> EXERCISE INSTRUCTIONS: An exact transcription of every entry is required. Images are not part of it.

** Opening RECORD EXCERPTS block **

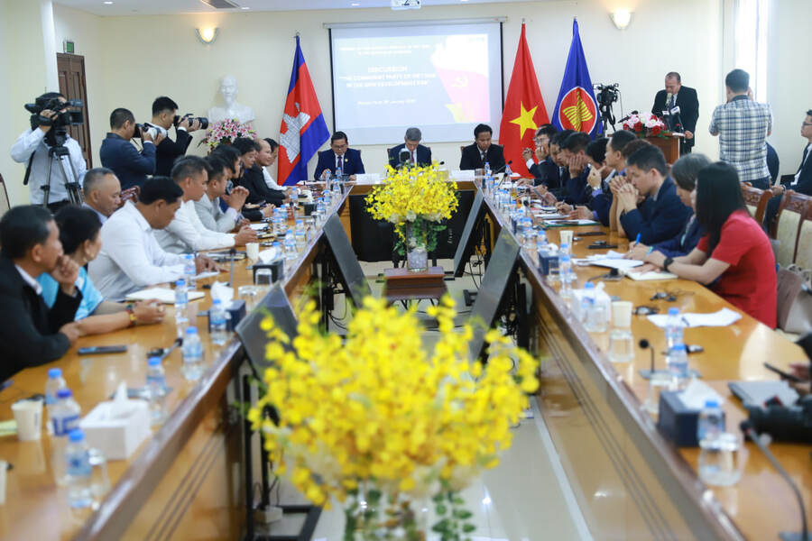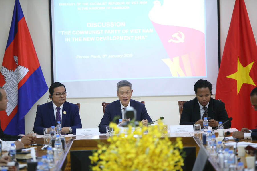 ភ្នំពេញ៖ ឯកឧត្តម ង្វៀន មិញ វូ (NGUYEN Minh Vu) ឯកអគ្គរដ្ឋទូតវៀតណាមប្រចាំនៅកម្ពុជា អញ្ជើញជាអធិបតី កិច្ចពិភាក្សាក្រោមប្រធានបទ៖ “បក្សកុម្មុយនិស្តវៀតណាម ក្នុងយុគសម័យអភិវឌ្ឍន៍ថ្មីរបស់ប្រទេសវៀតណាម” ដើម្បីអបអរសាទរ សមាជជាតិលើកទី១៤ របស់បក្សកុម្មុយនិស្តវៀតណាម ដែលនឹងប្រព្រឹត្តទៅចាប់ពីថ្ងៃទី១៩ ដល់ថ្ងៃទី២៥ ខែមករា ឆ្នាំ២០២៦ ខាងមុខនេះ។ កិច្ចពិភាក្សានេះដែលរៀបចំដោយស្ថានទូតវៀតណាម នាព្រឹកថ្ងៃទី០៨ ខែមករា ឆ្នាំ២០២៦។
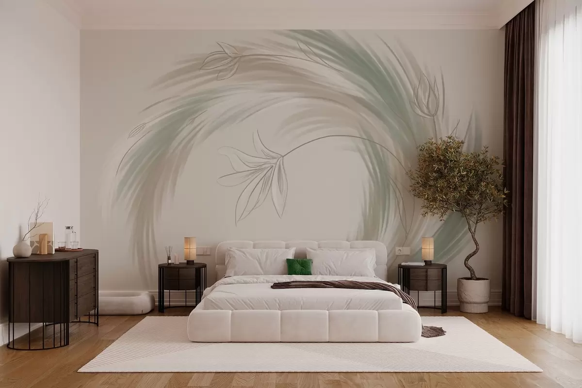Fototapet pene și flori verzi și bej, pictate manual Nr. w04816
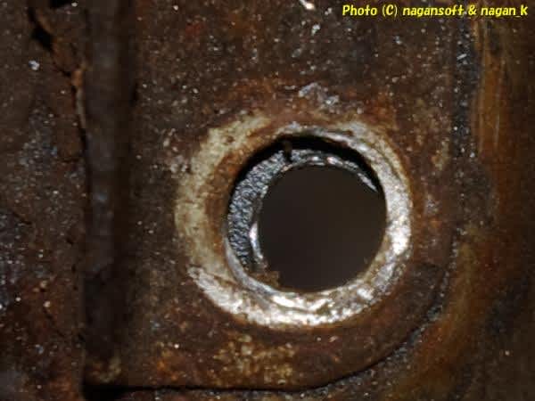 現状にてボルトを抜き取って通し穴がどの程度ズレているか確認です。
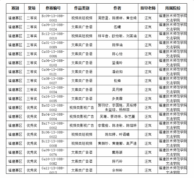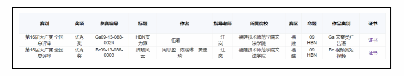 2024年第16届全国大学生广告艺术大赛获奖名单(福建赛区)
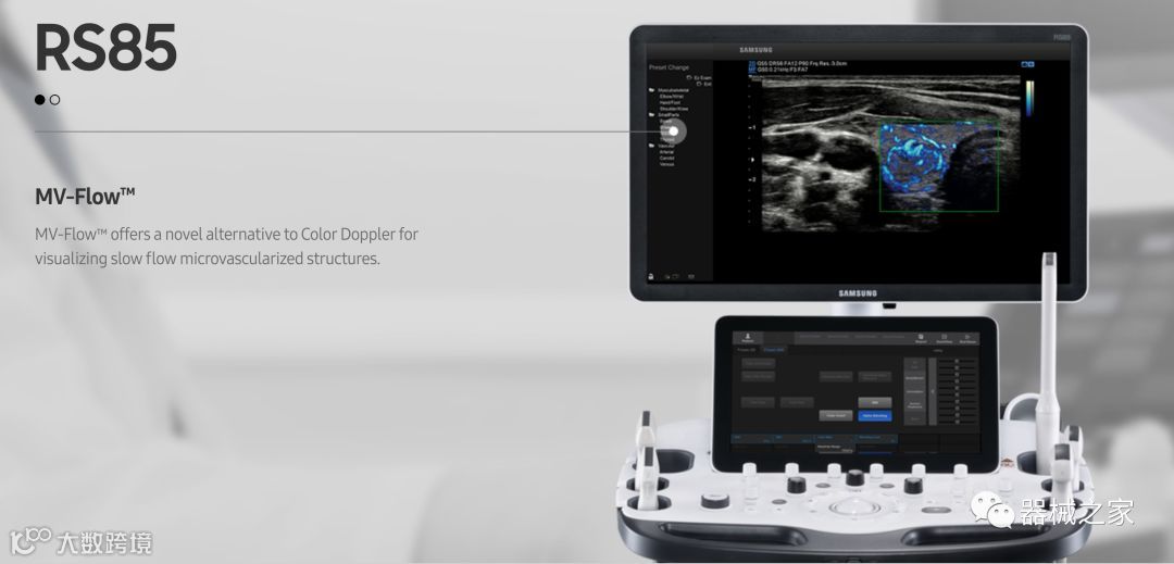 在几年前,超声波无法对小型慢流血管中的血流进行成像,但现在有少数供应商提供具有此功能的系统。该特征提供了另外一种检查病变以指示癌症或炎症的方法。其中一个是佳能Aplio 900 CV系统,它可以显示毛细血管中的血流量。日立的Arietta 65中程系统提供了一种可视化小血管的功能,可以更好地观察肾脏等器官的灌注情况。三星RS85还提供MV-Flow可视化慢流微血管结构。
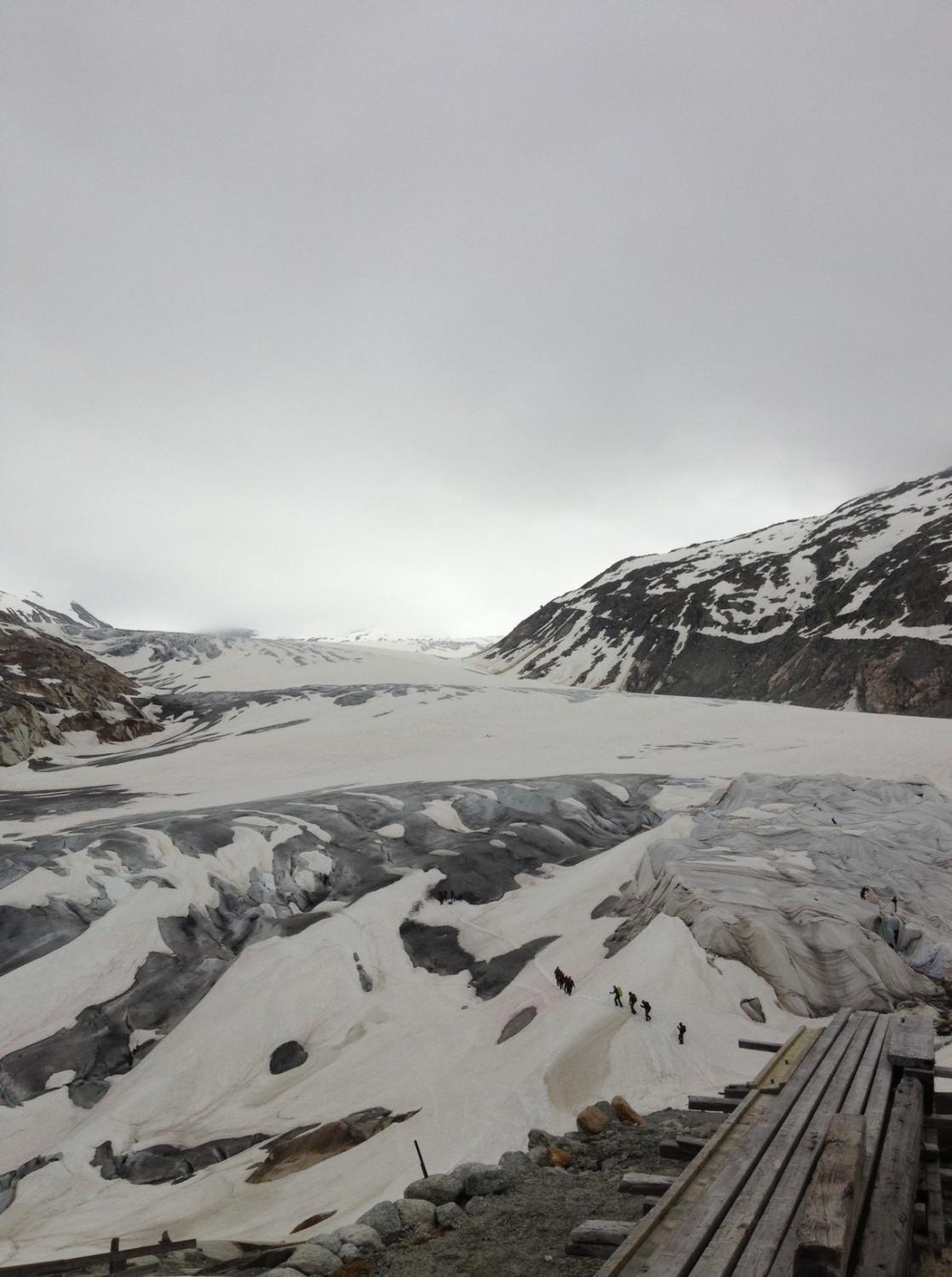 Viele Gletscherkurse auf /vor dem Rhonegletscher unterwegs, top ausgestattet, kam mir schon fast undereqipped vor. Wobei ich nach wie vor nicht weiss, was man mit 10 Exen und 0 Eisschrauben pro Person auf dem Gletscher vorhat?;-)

** Closing RECORD EXCERPTS block **

> ANSWER:
 ភ្នំពេញ៖ ឯកឧត្តម ង្វៀន មិញ វូ (NGUYEN Minh Vu) ឯកអគ្គរដ្ឋទូតវៀតណាមប្រចាំនៅកម្ពុជា អញ្ជើញជាអធិបតី កិច្ចពិភាក្សាក្រោមប្រធានបទ៖ “បក្សកុម្មុយនិស្តវៀតណាម ក្នុងយុគសម័យអភិវឌ្ឍន៍ថ្មីរបស់ប្រទេសវៀតណាម” ដើម្បីអបអរសាទរ សមាជជាតិលើកទី១៤ របស់បក្សកុម្មុយនិស្តវៀតណាម ដែលនឹងប្រព្រឹត្តទៅចាប់ពីថ្ងៃទី១៩ ដល់ថ្ងៃទី២៥ ខែមករា ឆ្នាំ២០២៦ ខាងមុខនេះ។ កិច្ចពិភាក្សានេះដែលរៀបចំដោយស្ថានទូតវៀតណាម នាព្រឹកថ្ងៃទី០៨ ខែមករា ឆ្នាំ២០២៦។
Fototapet pene și flori verzi și bej, pictate manual Nr. w04816
 現状にてボルトを抜き取って通し穴がどの程度ズレているか確認です。
 2024年第16届全国大学生广告艺术大赛获奖名单(福建赛区)
 在几年前,超声波无法对小型慢流血管中的血流进行成像,但现在有少数供应商提供具有此功能的系统。该特征提供了另外一种检查病变以指示癌症或炎症的方法。其中一个是佳能Aplio 900 CV系统,它可以显示毛细血管中的血流量。日立的Arietta 65中程系统提供了一种可视化小血管的功能,可以更好地观察肾脏等器官的灌注情况。三星RS85还提供MV-Flow可视化慢流微血管结构。
 Viele Gletscherkurse auf /vor dem Rhonegletscher unterwegs, top ausgestattet, kam mir schon fast undereqipped vor. Wobei ich nach wie vor nicht weiss, was man mit 10 Exen und 0 Eisschrauben pro Person auf dem Gletscher vorhat?;-)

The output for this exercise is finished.